The extended deadline for the public to submit comments in relation to the Draft Guidelines was 4pm on 31 August 2020 and currently, the Information Regulator is in the process of reviewing and considering the comments received to the Draft Guidelines and it is anticipated that the final guidelines in respect of Information Officers (‘the Final Guidelines’), will be issued by the Information Regulator’s office during the first quarter of 2021, that is if not sooner, prior to the effective date of POPIA on 1 July 2021.
In terms of the Draft Guidelines the following aspects are noted:
- An Information Officer may be held personally liable for the failure to adequately perform his or her responsibilities and/or duties in terms of POPIA or the POPIA Regulations.

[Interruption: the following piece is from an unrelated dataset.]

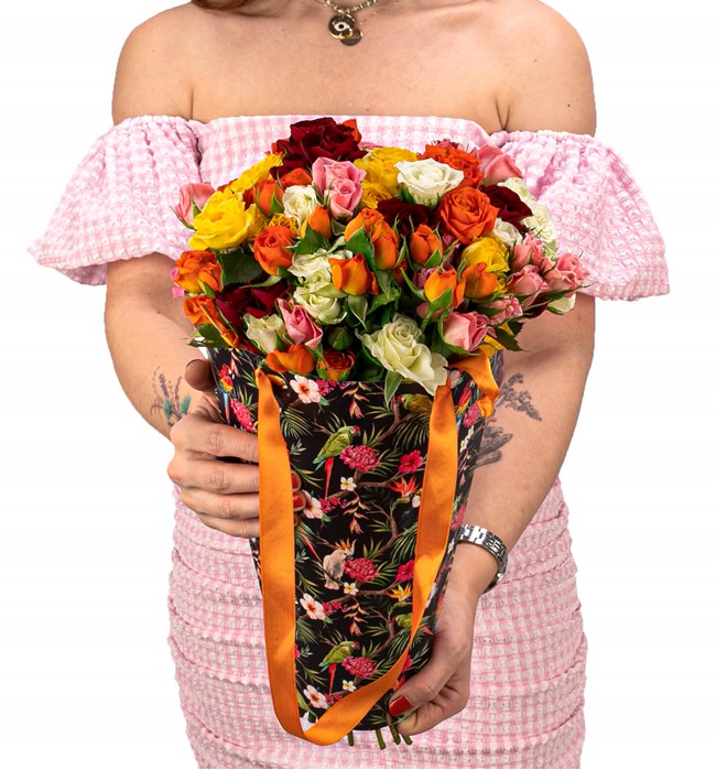 Özel taşıma çantasında mini mix güller ile hazırlanmıştır.

The proposed penalty levied in this regard is a fine and/or imprisonment, with the fine capped at a maximum of ZAR 3,000 (approx. €160) per infringement; however, the proposed imprisonment time is not stipulated in the Draft Guidelines.
- The Responsible Party must register its information officer with the Information Regulator but prior to doing so, the appointment of the role and of any deputies must be effected in writing. The Draft Guidelines propose at this stage that a manual hardcopy application form be completed and submitted for registrations and further that the information officer of the responsible party must be registered with the Information Regulator by 31 March 2021. The form for submission has been included in the Draft Guidelines.

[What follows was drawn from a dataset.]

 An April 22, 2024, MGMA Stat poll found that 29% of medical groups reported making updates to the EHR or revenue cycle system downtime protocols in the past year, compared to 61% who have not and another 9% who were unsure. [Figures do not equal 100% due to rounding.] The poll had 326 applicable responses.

Notwithstanding the above, the Information Regulator’s office has in terms of feedback given to queries raised in ongoing awareness panel presentations, indicated that the Information Regulator plans to develop an electronic portal enabling responsible parties to register their information officers and deputies online. This is further in line with the Information Regulator’s Readiness Plan for the Implementation of the Protection of Personal Information Act 4 of 2013 (‘the Readiness Plan’), which indicates that the proposed time frame in terms of which persons will be able to access the electronic register of information officers is 3 March 2021.
Unfortunately, apart from making it mandatory to have the information officer role catered for, providing for prescribed proposed timelines, the delegation of authority, and what the respective duties and responsibilities of the information officer are, POPIA, the POPIA Regulations, PAIA and the Draft Guidelines provide little guidance on how to approach the appointment of an information officer practically, especially where the default position (e.g. CEO in the case of a private body) is deviated from.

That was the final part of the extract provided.